Stored items
━━━━━━

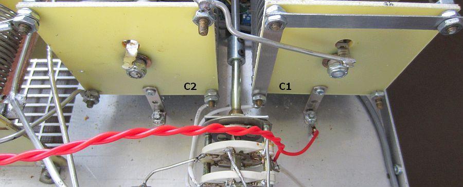 Door in serie sckakelen van secties wordt C2: 11.25 - 125 pF. C1 (45 - 500 pF) kan met de schakelaar parallel aan C2 gezet worden.
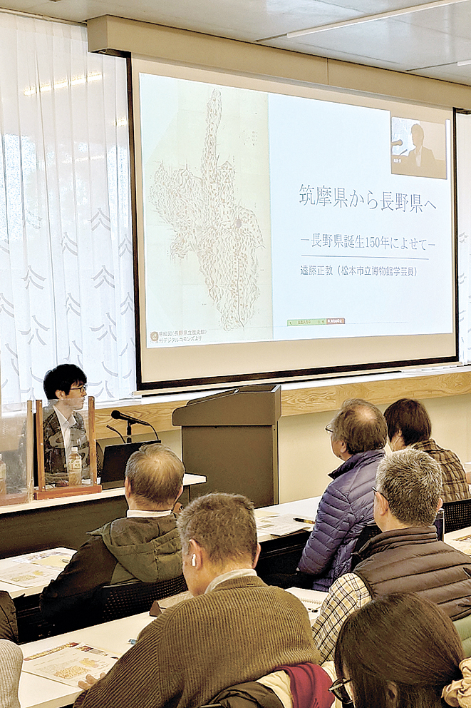 旧筑摩県と旧長野県が合併して現在の長野県が誕生して今年で150周年となる契機に、明治維新後の流れや戦後まで続いた移庁・分県論などについて学ぶ信州歴史フォーラムが18日、松本市大手3の市立博物館で開かれた。同館学芸員・遠藤正教さんが長野県の成り立ちや、分県を阻止して県歌となった信濃の国などについて解説し、約70人が聴講した。
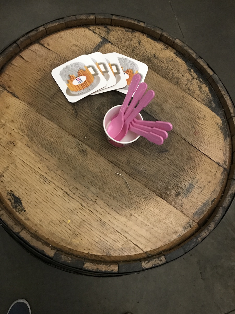 The tour was nice and pretty quick, which worked well since the beer and ice cream mind-blowing session was to commence right after it was over. We went back to the tasting room/bar area and heard about the idea from a brewer as well as a Baskin-Robbins Culinary Team member, Chef Kelly German. It was interesting to hear about how it all went down and what went into it all. To sum it up…beer is awesome, ice cream is awesome, beer and ice cream together would likely be awesome-er. They were correct. Very, very correct.
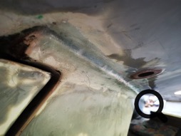 Neben den Schleifarbeiten müssen noch die alten Borddurchlässe geschlossen werden. Bevor ich mehrere Lagen Epoxy-getränkte Glasfasermatten aufbringen kann, muss der Bereich um die Löcher konkav geschliffen werden.
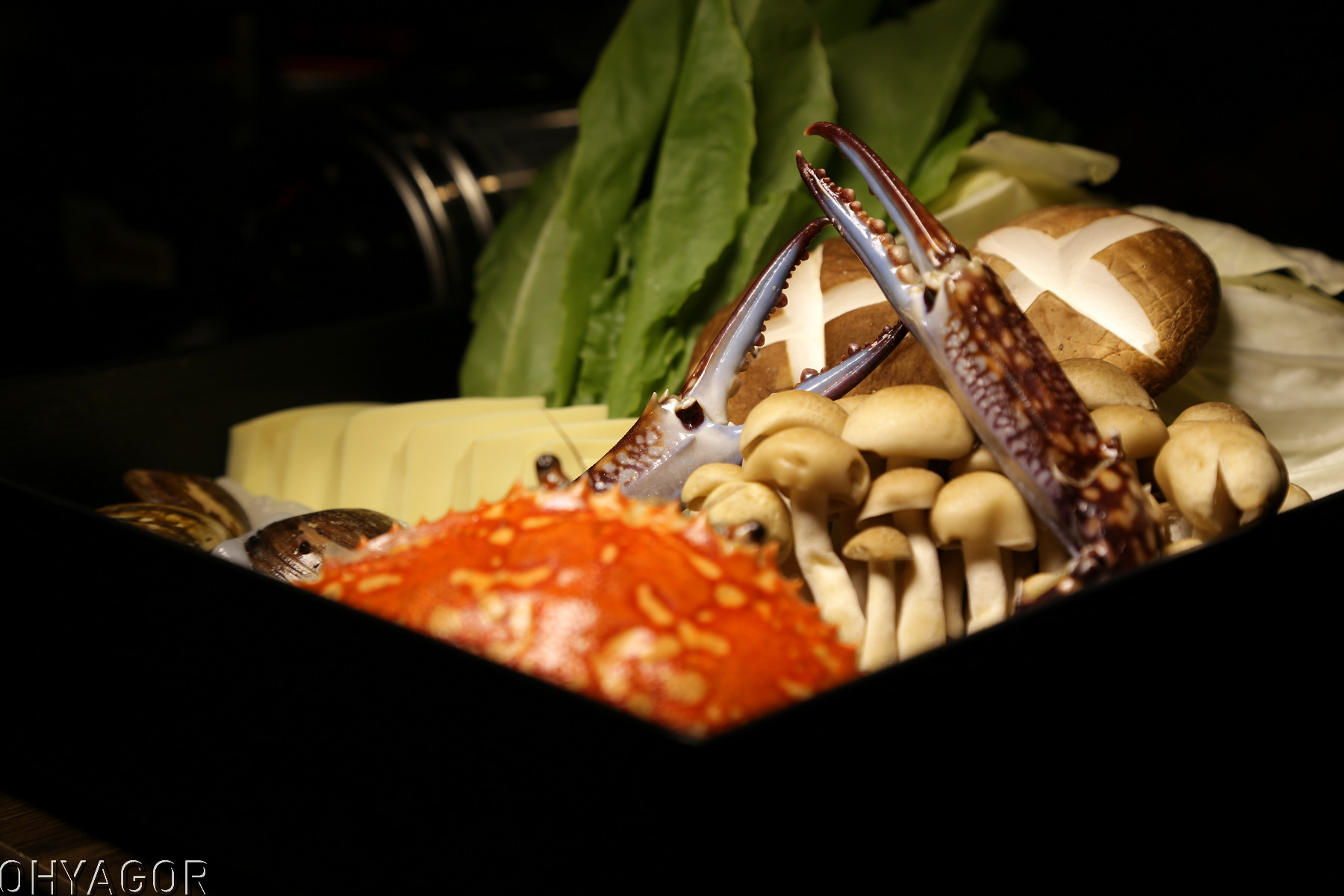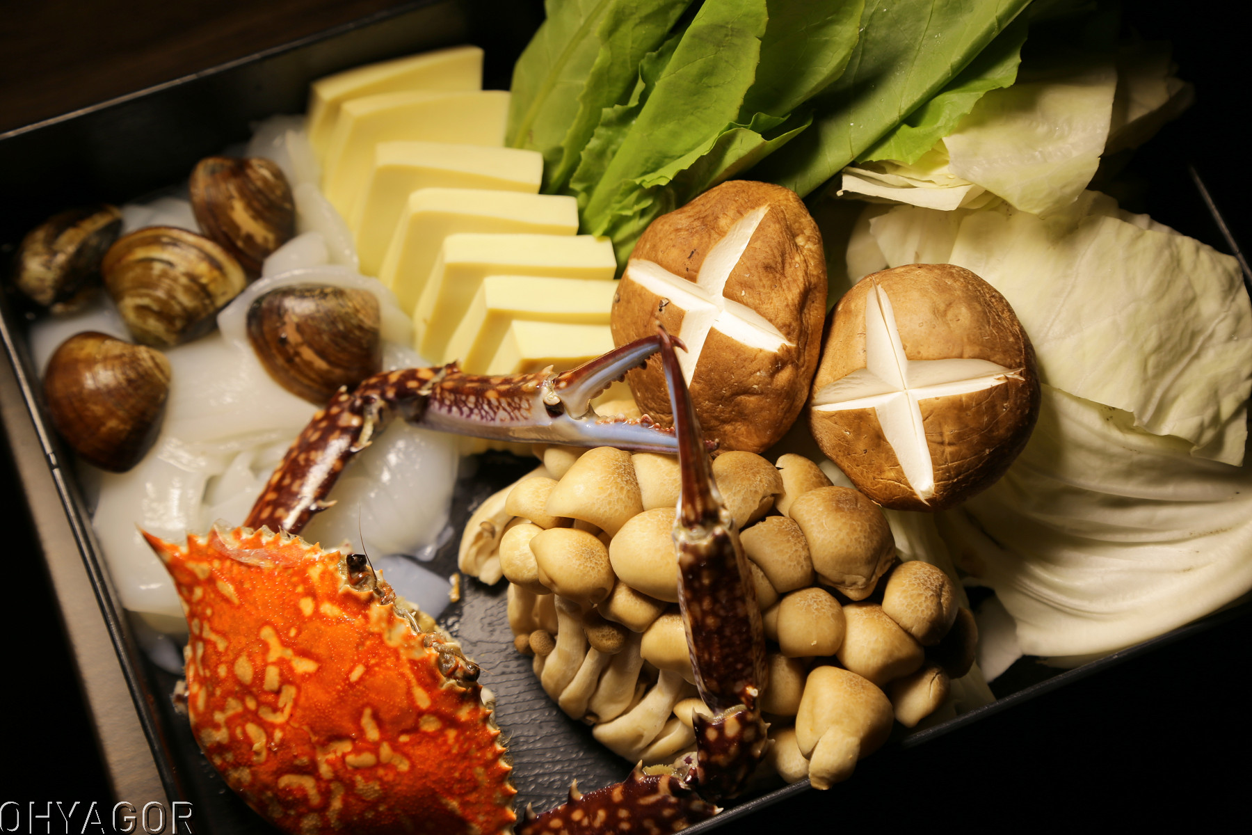 花蟹、蛤蠣、軟絲、菇類、雞蛋豆腐、高麗菜等組合出溫馨的湯品
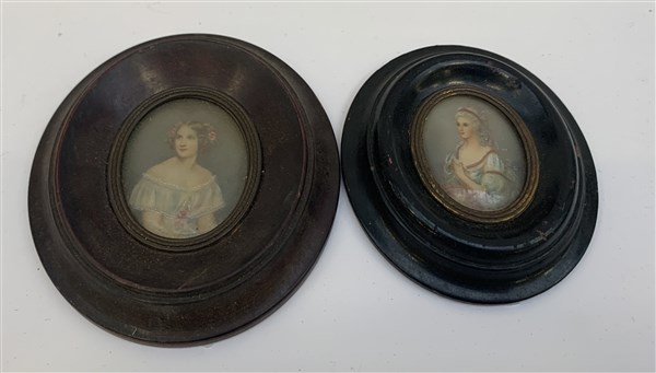 Lotto composto composto da cinque miniature raffiguranti gentildonne e ufficiale, tre recanti firme. In cornici(misure diverse, difetti)
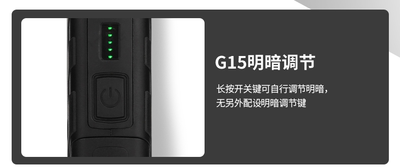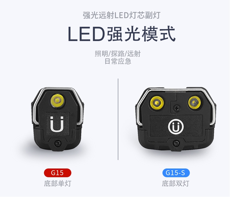 聚光主灯 亮度随心 轻按后端开关按钮,主灯强光点亮,续按依次切换主灯工作光-爆闪光。主灯开启状态下长按5秒,可实现光源色温转换。主灯关闭状态下长按5秒,可开启灯具最亮照明模式。 爆亮强光 亮如白昼 1500LM大功率高亮光源,点亮顷刻如白昼
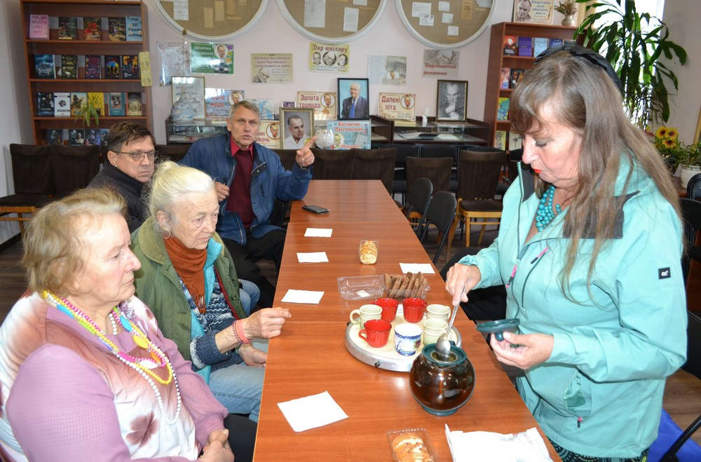 Завідувачка бібліотеки Каріна Апарінова презентувала для дегустації українські фіточаї: трав’яний «Ранковий» з плодами шипшини з Полтавщини та монастирський мгарський «Козацький» за старовинними рецептами Мгарського чоловічого монастиря. Вона пояснила, що фіточай – це спеціально підібраний трав’яний збір із м’якою оздоровчою дією, який очищує організм, зміцнює його, допомагає справлятися зі стресами та сезонними захворюваннями. Фіточаї стали альтернативою синтетичним препаратам і щоденним ритуалом турботи про здоров’я.
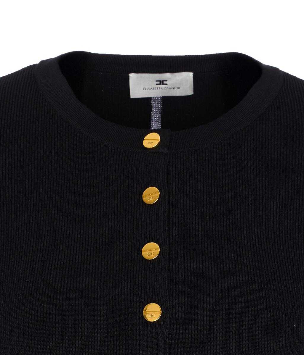 Elisabetta Franchi Black Cardigan With Buttons Closure, Long Sleeves, Crewneck, Buttons On Cuffs, EU SIZE (IT)

━━━━━━

• Assigned task
Among the entries above, locate the line with "The tour was" and the line with "Завідувачка бібліотеки Каріна". Give those two lines and all lines between them again, exactly, leaving out the pictures.

• Answer to this task
 The tour was nice and pretty quick, which worked well since the beer and ice cream mind-blowing session was to commence right after it was over. We went back to the tasting room/bar area and heard about the idea from a brewer as well as a Baskin-Robbins Culinary Team member, Chef Kelly German. It was interesting to hear about how it all went down and what went into it all. To sum it up…beer is awesome, ice cream is awesome, beer and ice cream together would likely be awesome-er. They were correct. Very, very correct.
 Neben den Schleifarbeiten müssen noch die alten Borddurchlässe geschlossen werden. Bevor ich mehrere Lagen Epoxy-getränkte Glasfasermatten aufbringen kann, muss der Bereich um die Löcher konkav geschliffen werden.
 花蟹、蛤蠣、軟絲、菇類、雞蛋豆腐、高麗菜等組合出溫馨的湯品
 Lotto composto composto da cinque miniature raffiguranti gentildonne e ufficiale, tre recanti firme. In cornici(misure diverse, difetti)
 聚光主灯 亮度随心 轻按后端开关按钮,主灯强光点亮,续按依次切换主灯工作光-爆闪光。主灯开启状态下长按5秒,可实现光源色温转换。主灯关闭状态下长按5秒,可开启灯具最亮照明模式。 爆亮强光 亮如白昼 1500LM大功率高亮光源,点亮顷刻如白昼
 Завідувачка бібліотеки Каріна Апарінова презентувала для дегустації українські фіточаї: трав’яний «Ранковий» з плодами шипшини з Полтавщини та монастирський мгарський «Козацький» за старовинними рецептами Мгарського чоловічого монастиря. Вона пояснила, що фіточай – це спеціально підібраний трав’яний збір із м’якою оздоровчою дією, який очищує організм, зміцнює його, допомагає справлятися зі стресами та сезонними захворюваннями. Фіточаї стали альтернативою синтетичним препаратам і щоденним ритуалом турботи про здоров’я.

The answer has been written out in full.